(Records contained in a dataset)
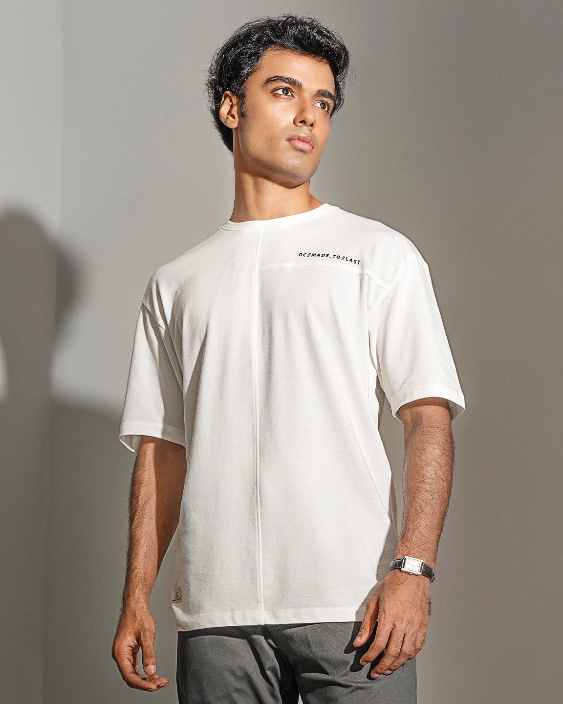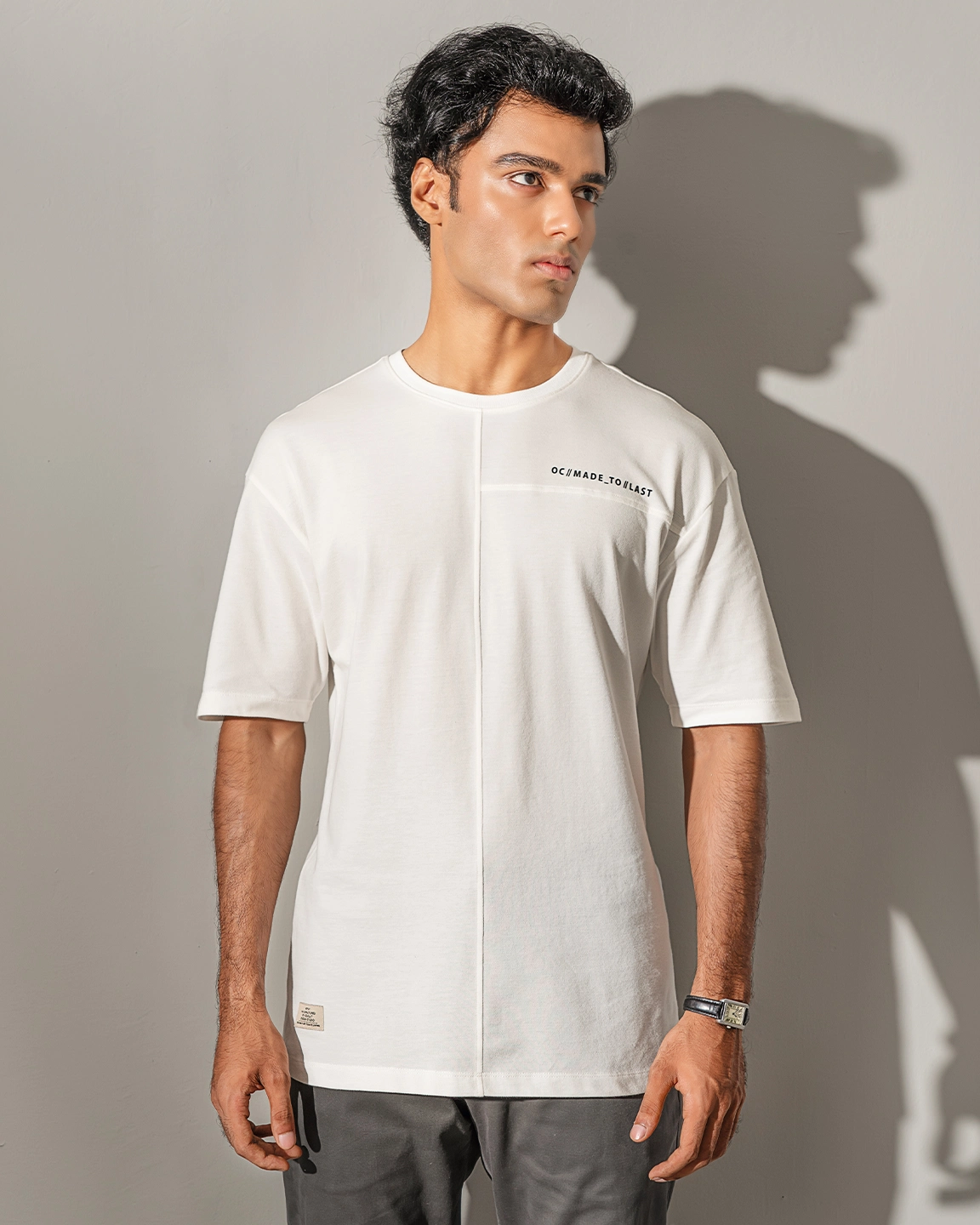 Product description : T-Shirt. Round neck and neck has rib details with DTM twill tape. Short sleeve & Front part cut & sew details with HD print artwork. straight hem.
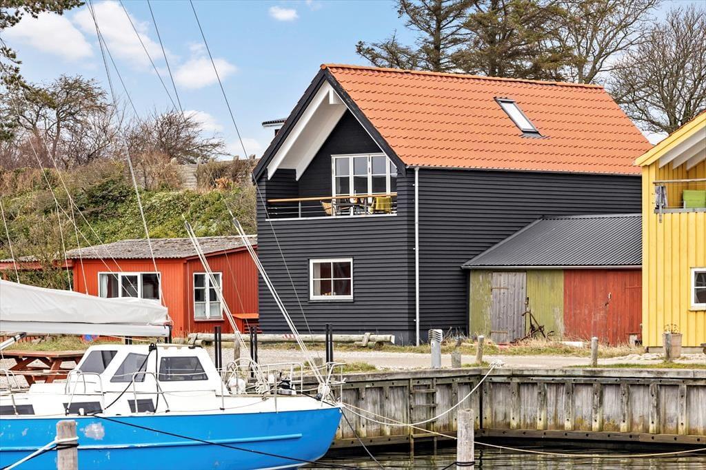 ”Fiskehytten” ligger på havnen i Maarup, hvor der engang lå et pakhus. Alt er dog helt nybygget fra 2015, og i dag er huset kun fyldt med masser af sommerhushygge og gode faciliteter til ferien på Samsø.
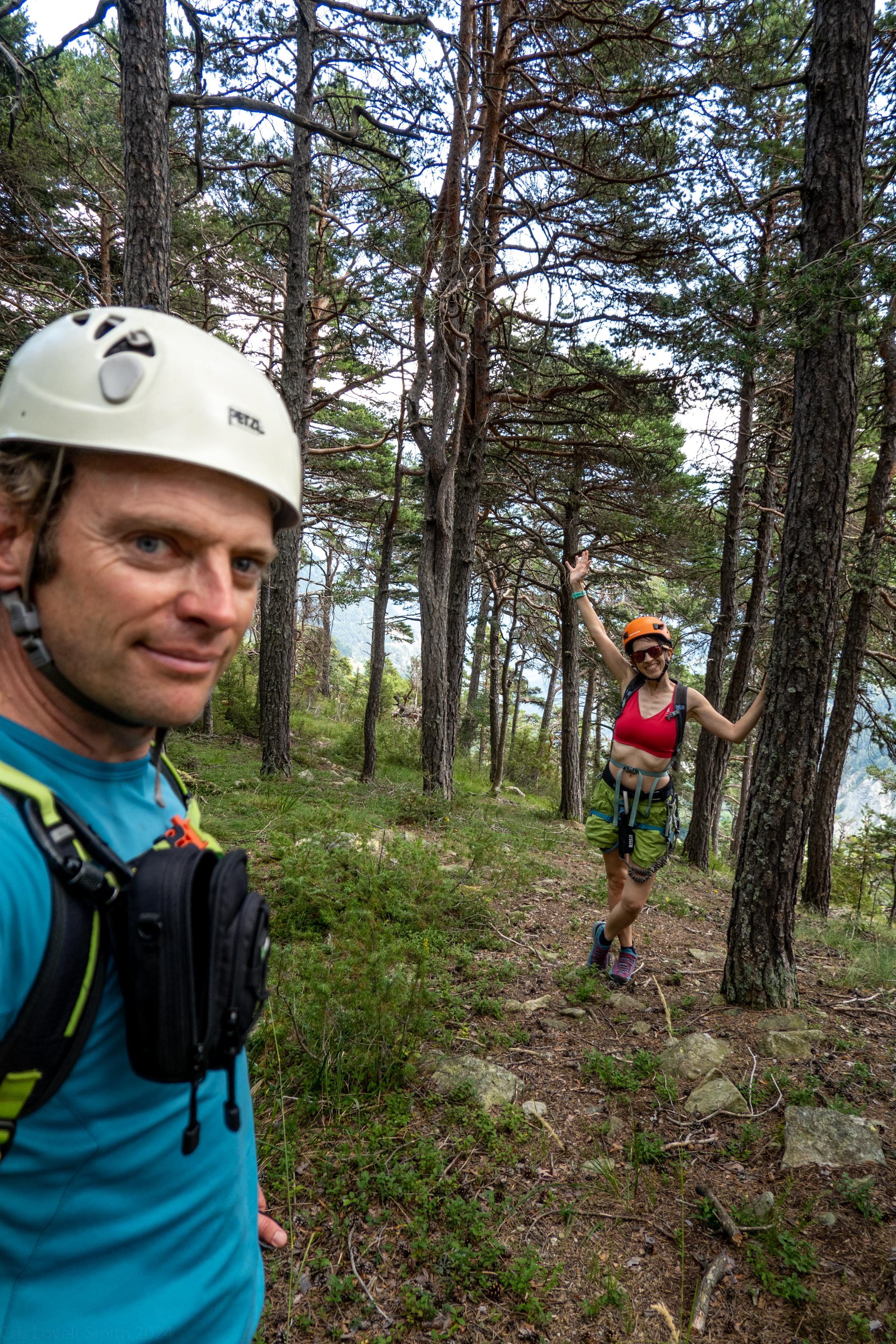 To avoid the worst of the heat we drove up into the hills to a regional park. It was a little cooler and we set off to do the Ferrata Covarey. It took us a while to find it as the signage was almost non-existent, just some faded signs near the car park mentioning the route. We found a track online though and navigated to the start. The ferrata was supposed to be easy with a couple of wooden ladders for something different but there were no wooden ladders to be seen. Instead there was a long ladder of sorts constructed from steel cable. This proved a little difficult to climb as it wobbled around a lot. The next sections proved much harder than I’d expected. They were all quite doable but not super easy. Unlike ferratas in Austria where the cable is taught and there are plenty of metal stakes for your feet we had to use the rock much more. There were also bolts in places with suspicious bits of cord and steel cable loops, which we decided after finishing must have been attachments for the wooden ladder.
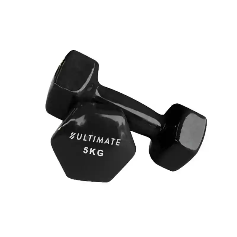 Las mancuernas de vinilo son uno de los complementos más usados por deportistas aficionados y profesionales, ya que son una forma simple y cómoda de fortalecer y tonificar brazos en la comodidad del hogar. A diferencia de las máquinas, las mancuernas ocupan significativamente menos espacio, al mismo tiempo que permiten aumentar el peso de manera progresiva. El set de 2 mancuernas de 5 kg cada una está pensado para tener la mayor comodidad al hacer tus rutinas, pues están hechas de hierro y recubiertas en vinilo sintético de alta calidad muy agradable al tacto, ideales para tener el mejor agarre durante tus repeticiones sin dejar de lado la resistencia y la durabilidad. Al tener una forma ligeramente angular son más cómodas al depositarlas sobre las superficies evitando que se muevan de su lugar y permitiendo aplicar ciertas variaciones de ejercicios. Una vez terminado el entrenamiento podrás limpiarlas, guardarlas y transportarlas sin complicaciones, pues son lavables y pequeñas. Además, son sumamente resistentes y durables, por lo que te acompañarán durante largo tiempo. Podrás ocuparlas para tonificar y fortalecer brazos, para rutinas aeróbicas, crossfit y más. Información adicional: Dos mancuernas de 5 kg cada una. Interior de hierro fundido y exterior de vinilo sintético.
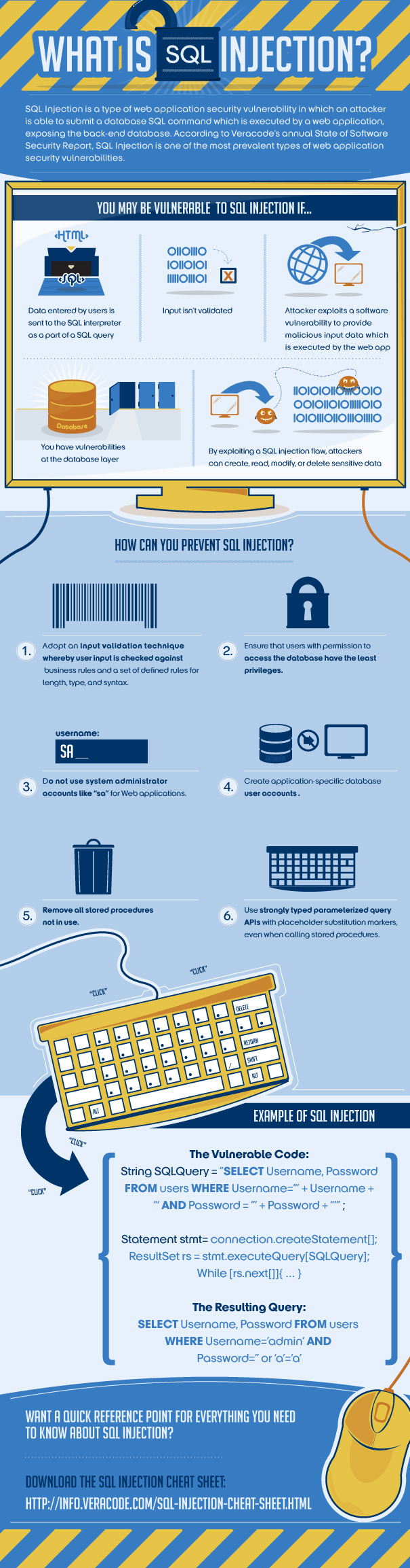 SQL Injection es una técnica de infiltración de código que se aprovecha de la no validación del ingreso de los datos en los formularios para insertar código SQL y de esta forma afectar negativamente los datos en la base de datos. En la siguiente infografía pueden encontrar como evitar esta vulnerabilidad y las soluciones para tener una aplicación web completamente segura.
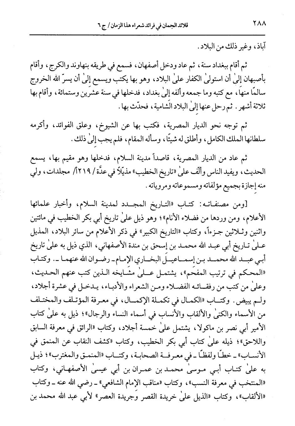 ثم عاد من الديار المصرية، قاصدًا مدينة السلام، فدخلها وهو مقيم بها، يسمع الحديث، ويفيد الناس وألّف على ((تاريخ الخطيب)) مذيّلًا في عدَّة/ 219 أ/ مجلدات، ولي منه إجازة بجميع مؤلفاته ومسموعاته ومروياته.
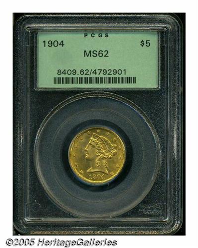 <B>1904<$5> MS62 PCGS.</B></I> A few wispy slide marks preclude a higher grade, but this sharply struck and lustrous piece has no shortage of eye appeal. Encapsulated in a green label holder.

■ **Aim of the task**:
Reproduce every record above exactly, but leave out the pictures.

■ **Written response**:
 Product description : T-Shirt. Round neck and neck has rib details with DTM twill tape. Short sleeve & Front part cut & sew details with HD print artwork. straight hem.
 ”Fiskehytten” ligger på havnen i Maarup, hvor der engang lå et pakhus. Alt er dog helt nybygget fra 2015, og i dag er huset kun fyldt med masser af sommerhushygge og gode faciliteter til ferien på Samsø.
 To avoid the worst of the heat we drove up into the hills to a regional park. It was a little cooler and we set off to do the Ferrata Covarey. It took us a while to find it as the signage was almost non-existent, just some faded signs near the car park mentioning the route. We found a track online though and navigated to the start. The ferrata was supposed to be easy with a couple of wooden ladders for something different but there were no wooden ladders to be seen. Instead there was a long ladder of sorts constructed from steel cable. This proved a little difficult to climb as it wobbled around a lot. The next sections proved much harder than I’d expected. They were all quite doable but not super easy. Unlike ferratas in Austria where the cable is taught and there are plenty of metal stakes for your feet we had to use the rock much more. There were also bolts in places with suspicious bits of cord and steel cable loops, which we decided after finishing must have been attachments for the wooden ladder.
 Las mancuernas de vinilo son uno de los complementos más usados por deportistas aficionados y profesionales, ya que son una forma simple y cómoda de fortalecer y tonificar brazos en la comodidad del hogar. A diferencia de las máquinas, las mancuernas ocupan significativamente menos espacio, al mismo tiempo que permiten aumentar el peso de manera progresiva. El set de 2 mancuernas de 5 kg cada una está pensado para tener la mayor comodidad al hacer tus rutinas, pues están hechas de hierro y recubiertas en vinilo sintético de alta calidad muy agradable al tacto, ideales para tener el mejor agarre durante tus repeticiones sin dejar de lado la resistencia y la durabilidad. Al tener una forma ligeramente angular son más cómodas al depositarlas sobre las superficies evitando que se muevan de su lugar y permitiendo aplicar ciertas variaciones de ejercicios. Una vez terminado el entrenamiento podrás limpiarlas, guardarlas y transportarlas sin complicaciones, pues son lavables y pequeñas. Además, son sumamente resistentes y durables, por lo que te acompañarán durante largo tiempo. Podrás ocuparlas para tonificar y fortalecer brazos, para rutinas aeróbicas, crossfit y más. Información adicional: Dos mancuernas de 5 kg cada una. Interior de hierro fundido y exterior de vinilo sintético.
 SQL Injection es una técnica de infiltración de código que se aprovecha de la no validación del ingreso de los datos en los formularios para insertar código SQL y de esta forma afectar negativamente los datos en la base de datos. En la siguiente infografía pueden encontrar como evitar esta vulnerabilidad y las soluciones para tener una aplicación web completamente segura.
 ثم عاد من الديار المصرية، قاصدًا مدينة السلام، فدخلها وهو مقيم بها، يسمع الحديث، ويفيد الناس وألّف على ((تاريخ الخطيب)) مذيّلًا في عدَّة/ 219 أ/ مجلدات، ولي منه إجازة بجميع مؤلفاته ومسموعاته ومروياته.
 <B>1904<$5> MS62 PCGS.</B></I> A few wispy slide marks preclude a higher grade, but this sharply struck and lustrous piece has no shortage of eye appeal. Encapsulated in a green label holder.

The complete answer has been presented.